As Lenin once said, there are decades when nothing happens and there are weeks where decades happen. Then there are weeks like this one in which something big happens but everyone is too sweaty to care that much.
Diary thinks England’s World Cup team cares though. When Kane skied it against Ghana it looked like he was lashing out in protest at the early demise of Sir Keir’s premiership. Either that, or the witch doctor curse was real.
Scotland’s players also failed to cover themselves in glory against Brazil and now risk crashing out of the tournament. But the country has redeemed itself by producing some elite-level charity World Cup content.
John McPenguin
Cast your minds back to the start of this year’s World Cup and you may remember Scottish fans getting very excited about their national side thrashing footballing giants Haiti one-nil.
To be fair, John McGinn’s strike was the country’s first goal at the tournament in 28 years.
In tribute, the Royal Zoological Society of Scotland named a new member of Edinburgh Zoo’s penguin colony after the midfielder.
Zoo keeper Alison MacLean: “We noticed one of our gentoo penguin chicks has a strong left flipper and knew we had to name them after the man himself.
“While our McGinn won’t be scoring goals anytime soon, we hope visitors will enjoy seeing the curious chick grow up.

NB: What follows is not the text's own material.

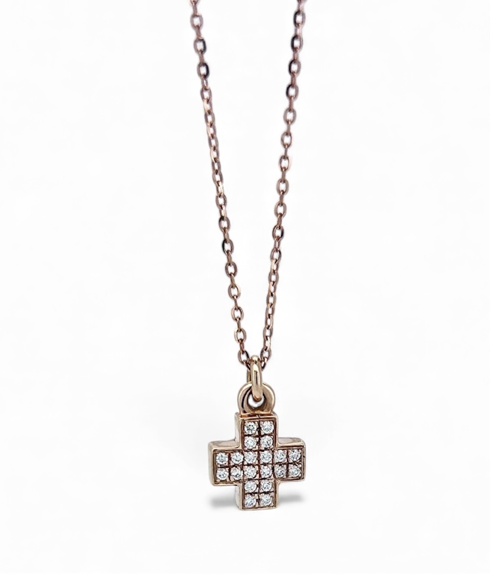 Croce squadrata in oro rosa e diamanti

Who knows, they might just get a call from Steve Clarke for the 2030 squad.”
Diary’s not sure what FIFA’s rules are on flightless birds participating but the slippery characters could prove difficult to man mark.
Jumpers for goalposts
Meanwhile, David Houston, a Scot and CEO of Brian House Children’s Hospice, has released a World Cup song called Funny How Scotland Won Every World Cup (When We Were Young).

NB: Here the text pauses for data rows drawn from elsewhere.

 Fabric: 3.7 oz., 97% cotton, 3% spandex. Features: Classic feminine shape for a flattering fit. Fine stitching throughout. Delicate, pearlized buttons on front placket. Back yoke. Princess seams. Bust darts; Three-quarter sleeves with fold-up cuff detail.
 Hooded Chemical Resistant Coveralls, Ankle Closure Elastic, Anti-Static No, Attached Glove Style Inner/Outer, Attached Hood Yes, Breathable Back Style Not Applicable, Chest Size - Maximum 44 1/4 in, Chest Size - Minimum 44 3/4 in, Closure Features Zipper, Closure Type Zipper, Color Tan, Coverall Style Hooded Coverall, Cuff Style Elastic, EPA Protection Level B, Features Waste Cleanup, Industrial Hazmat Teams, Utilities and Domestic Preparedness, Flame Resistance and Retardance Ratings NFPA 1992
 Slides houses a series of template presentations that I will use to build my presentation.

It is a nostalgic ditty about being a football fan as a youngster in the days of Subbuteo, sticker albums, kick abouts with tennis balls and Archie Gemmill.
Diary has been playing the song all week and can confirm that it slaps, bangs and is a bop as the kids say now.

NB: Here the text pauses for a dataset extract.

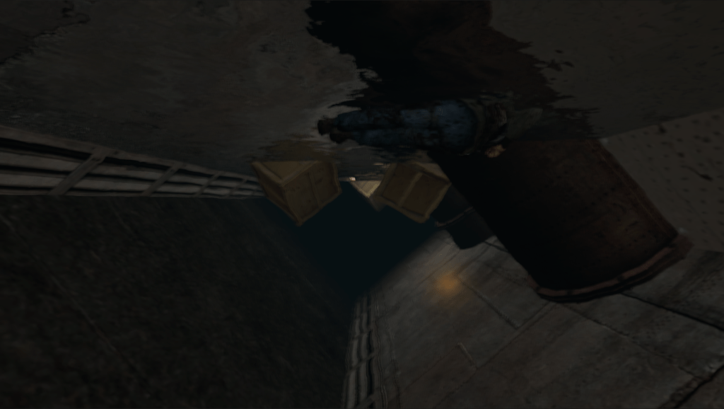 By creating a hallway and making it func_door which rotates, the player is under the illusion that the boat is flipping. Physics objects slosh about the hallway adding to this illusion. My inspirations for this moment was the movie, The Poseidon Adventure and the boat level from the recently released game, Uncharted 3: Drake’s Deception, by Naughty Dog.

The tongue-in-cheek title has confused Diary though. It must mean that although Scotland never actually won any silverware, its young fans felt like winners because of the joy and pride watching their side gave them. Which is the same as losing.
Nevertheless, it is enough to make Diary down a bottle of full-sugar Irn Bru, paint their face blue and white, catch the first flight to North America and enrol in the Tartan Army before the team exits the cup.
But wait, the song also contains a serious message about the financial struggles faced by children’s hospices, with money raised from its streams going to Blackpool-based Brian House and Children’s Hospices Across Scotland.
Extra time
In other World Cup charity-related news, PETA’s protestors painted their bodies in national flags and lined the streets of Mexico City to deliver the message: “Score for Animals, Go Vegan.”
Animal charity RSPCA warned “wannabee Pickfords” that football nets pose a threat to young wildlife.
The Church of England wrote a World Cup prayer, asking God for “compassion and perspective on the miskicks, missed penalties and muddled VARs”.
And Ed Sheeran is reportedly set to earn a few quid from Shakira and Burna Boy’s official World Cup song Dai Dai, which he co-wrote. Shakira is donating her proceeds to the Fifa Global Citizen Education Fund but the ginger English minstrel is supposedly keeping his share, so that’s nice for him.